FORMATS/IM-tut.txt

   1 /* Copyright (C) 2007
   2      National Institute of Advanced Industrial Science and Technology (AIST)
   3      Registration Number H15PRO112
   4    See the end for copying conditions.  */
   5
   6 /***
   7
   8 @page mdbTutorialIM Tutorial of input method
   9
  10 @section im-struct Structure of an input method file
  11
  12 An input method is defined in a *.mim file with this format.
  13
  14 @verbatim
  15 (input-method LANG NAME)
  16
  17 (description (_ "DESCRIPTION"))
  18
  19 (title "TITLE-STRING")
  20
  21 (map
  22   (MAP-NAME
  23     (KEYSEQ MAP-ACTION MAP-ACTION ...)        <- rule
  24     (KEYSEQ MAP-ACTION MAP-ACTION ...)        <- rule
  25     ...)
  26   (MAP-NAME
  27     (KEYSEQ MAP-ACTION MAP-ACTION ...)        <- rule
  28     (KEYSEQ MAP-ACTION MAP-ACTION ...)        <- rule
  29     ...)
  30   ...)
  31
  32 (state
  33   (STATE-NAME
  34     (MAP-NAME BRANCH-ACTION BRANCH-ACTION ...)   <- branch
  35     ...)
  36   (STATE-NAME
  37     (MAP-NAME BRANCH-ACTION BRANCH-ACTION ...)   <- branch
  38     ...)
  39   ...)
  40 @endverbatim
  41 Lowercase letters and parentheses are literals, so they must be
  42 written as they are.  Uppercase letters represent arbitrary strings.
  43
  44 KEYSEQ specifies a sequence of keys in this format:
  45 @verbatim
  46   (SYMBOLIC-KEY SYMBOLIC-KEY ...)
  47 @endverbatim
  48 where SYMBOLIC-KEY is the keysym value returned by the xev command.
  49 For instance
  50 @verbatim
  51   (n i)
  52 @endverbatim
  53 represents a key sequence of \<n\> and \<i\>.

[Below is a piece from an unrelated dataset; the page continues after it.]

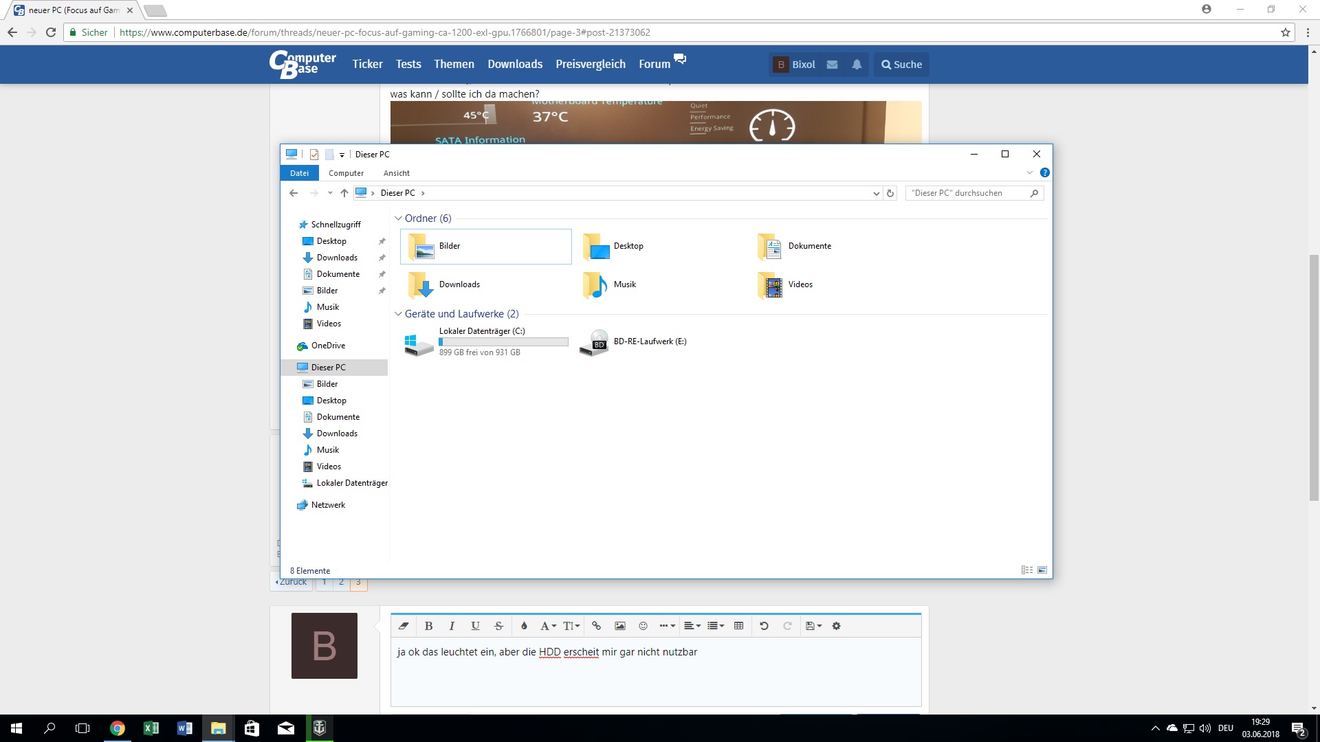 ich hatte diese ja anfangs nicht an den strom angeschlossen damit windows sauber auf die SSD geladen wird.

  54 If all SYMBOLIC-KEYs are ASCII characters, you can use the short form
  55 @verbatim
  56   "ni"
  57 @endverbatim
  58 instead.  Consult @ref mdbIM for Non-ASCII characters.
  59
  60 Both MAP-ACTION and BRANCH-ACTION are a sequence of actions of this format:
  61 @verbatim
  62   (ACTION ARG ARG ...)
  63 @endverbatim
  64 The most common action is <tt>insert</tt>, which is written as this:
  65 @verbatim
  66   (insert "TEXT")
  67 @endverbatim
  68 But as it is very frequently used, you can use the short form
  69 @verbatim
  70   "TEXT"
  71 @endverbatim
  72 If <TT>"TEXT"</TT> contains only one character "C", you can write it as
  73 @verbatim
  74   (insert ?C)
  75 @endverbatim
  76 or even shorter as
  77 @verbatim
  78   ?C
  79 @endverbatim
  80 So the shortest notation for an action of inserting "a" is
  81 @verbatim
  82   ?a
  83 @endverbatim
  84
  85 @section im-upcase Simple example of capslock
  86
  87 Here is a simple example of an input method that works as CapsLock.
  88
  89 @verbatim
  90 (input-method en capslock)
  91 (description (_ "Upcase all lowercase letters"))
  92 (title "a->A")
  93 (map
  94   (toupper ("a" "A") ("b" "B") ("c" "C") ("d" "D") ("e" "E")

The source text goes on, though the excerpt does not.